• **Exercise description**
Return the following from the records below: each line, word for word, starting with the line that contains "02:17:59Die Streamerin beklagt" and going on through the line that contains "your bedroom window.", with nothing outside that range.

----- Information supplied

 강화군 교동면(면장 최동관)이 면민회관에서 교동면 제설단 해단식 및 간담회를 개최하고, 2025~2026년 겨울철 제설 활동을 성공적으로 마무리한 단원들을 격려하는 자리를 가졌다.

----------
----- Information supplied

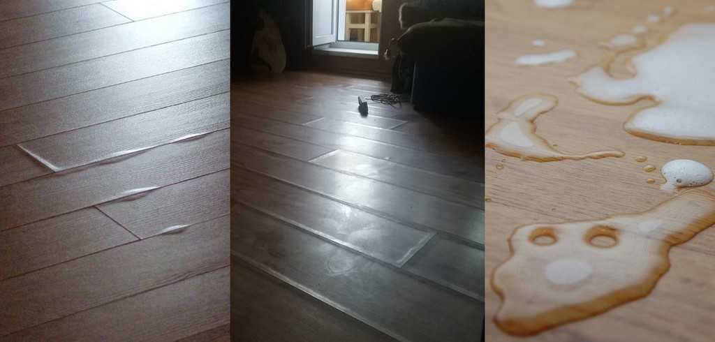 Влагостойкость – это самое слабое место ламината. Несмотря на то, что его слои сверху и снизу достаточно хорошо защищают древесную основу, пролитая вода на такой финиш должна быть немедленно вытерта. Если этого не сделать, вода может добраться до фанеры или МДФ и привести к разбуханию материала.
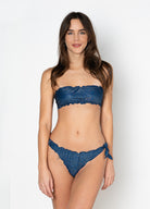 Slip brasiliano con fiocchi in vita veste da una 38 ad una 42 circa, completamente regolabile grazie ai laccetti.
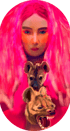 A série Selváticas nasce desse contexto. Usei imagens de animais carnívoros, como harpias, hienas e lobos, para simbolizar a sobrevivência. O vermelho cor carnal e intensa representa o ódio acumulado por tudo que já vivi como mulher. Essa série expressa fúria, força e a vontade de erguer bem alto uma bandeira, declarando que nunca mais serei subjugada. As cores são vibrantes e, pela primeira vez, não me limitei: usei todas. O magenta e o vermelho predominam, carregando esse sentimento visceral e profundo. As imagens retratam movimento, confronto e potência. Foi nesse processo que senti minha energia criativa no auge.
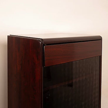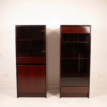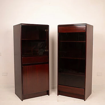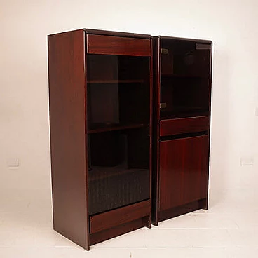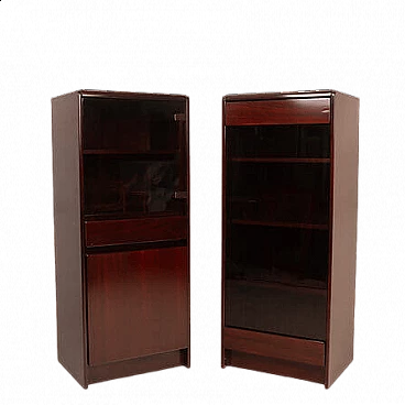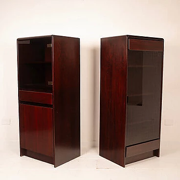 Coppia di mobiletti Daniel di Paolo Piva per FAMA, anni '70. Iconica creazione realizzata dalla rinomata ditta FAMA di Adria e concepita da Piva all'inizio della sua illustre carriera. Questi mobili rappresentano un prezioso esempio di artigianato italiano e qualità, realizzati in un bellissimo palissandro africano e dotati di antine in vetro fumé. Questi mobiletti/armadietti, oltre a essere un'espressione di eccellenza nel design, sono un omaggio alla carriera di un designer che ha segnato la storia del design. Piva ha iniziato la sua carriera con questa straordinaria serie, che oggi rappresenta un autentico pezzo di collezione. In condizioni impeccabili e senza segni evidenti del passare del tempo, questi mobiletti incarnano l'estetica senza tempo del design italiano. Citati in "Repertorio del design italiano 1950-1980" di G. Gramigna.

----------
----- Information supplied

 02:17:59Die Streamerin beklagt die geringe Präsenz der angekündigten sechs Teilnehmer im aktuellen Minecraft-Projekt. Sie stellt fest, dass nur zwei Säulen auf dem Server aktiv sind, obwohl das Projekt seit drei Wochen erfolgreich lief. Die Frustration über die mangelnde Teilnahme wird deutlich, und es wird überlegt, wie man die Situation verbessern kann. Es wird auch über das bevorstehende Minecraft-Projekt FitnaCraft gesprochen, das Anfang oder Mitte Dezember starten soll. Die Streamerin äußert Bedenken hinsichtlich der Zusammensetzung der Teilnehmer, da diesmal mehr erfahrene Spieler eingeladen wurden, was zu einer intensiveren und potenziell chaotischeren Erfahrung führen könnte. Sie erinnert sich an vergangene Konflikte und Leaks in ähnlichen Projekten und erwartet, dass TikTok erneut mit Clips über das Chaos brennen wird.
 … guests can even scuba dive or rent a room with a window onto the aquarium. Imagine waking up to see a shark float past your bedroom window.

----------

• **Result below**
 02:17:59Die Streamerin beklagt die geringe Präsenz der angekündigten sechs Teilnehmer im aktuellen Minecraft-Projekt. Sie stellt fest, dass nur zwei Säulen auf dem Server aktiv sind, obwohl das Projekt seit drei Wochen erfolgreich lief. Die Frustration über die mangelnde Teilnahme wird deutlich, und es wird überlegt, wie man die Situation verbessern kann. Es wird auch über das bevorstehende Minecraft-Projekt FitnaCraft gesprochen, das Anfang oder Mitte Dezember starten soll. Die Streamerin äußert Bedenken hinsichtlich der Zusammensetzung der Teilnehmer, da diesmal mehr erfahrene Spieler eingeladen wurden, was zu einer intensiveren und potenziell chaotischeren Erfahrung führen könnte. Sie erinnert sich an vergangene Konflikte und Leaks in ähnlichen Projekten und erwartet, dass TikTok erneut mit Clips über das Chaos brennen wird.
 … guests can even scuba dive or rent a room with a window onto the aquarium. Imagine waking up to see a shark float past your bedroom window.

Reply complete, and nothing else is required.